• Task requirements
The answer must be an exact copy of the lines from the top of the listing below through the line with "บางพื้นที่อุณหภูมิสูงสุดถึง 44 องศาเซลเซียส", with no pictures.

======== Raw data

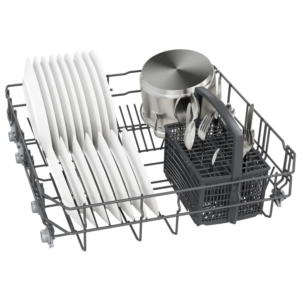 Łatwo regulowana wysokość górnego kosza pozwala znaleźć miejsce na wysokie naczynia i talerze.
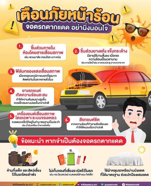 บางพื้นที่อุณหภูมิสูงสุดถึง 44 องศาเซลเซียส คงมีใครหลายคนไม่น้อยที่มีความจำเป็นและเป็นกังวล เมื่อต้อง #จอดรถตากแดด เป็นประจำทุกวัน เพราะอาจทำให้รถเกิดปัญหาเหล่านี้ตามมาได้
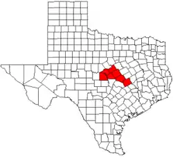 ![]() Map of Texas highlighting counties served by the Central Texas Council of Governments | |

================

• Task response
 Łatwo regulowana wysokość górnego kosza pozwala znaleźć miejsce na wysokie naczynia i talerze.
 บางพื้นที่อุณหภูมิสูงสุดถึง 44 องศาเซลเซียส คงมีใครหลายคนไม่น้อยที่มีความจำเป็นและเป็นกังวล เมื่อต้อง #จอดรถตากแดด เป็นประจำทุกวัน เพราะอาจทำให้รถเกิดปัญหาเหล่านี้ตามมาได้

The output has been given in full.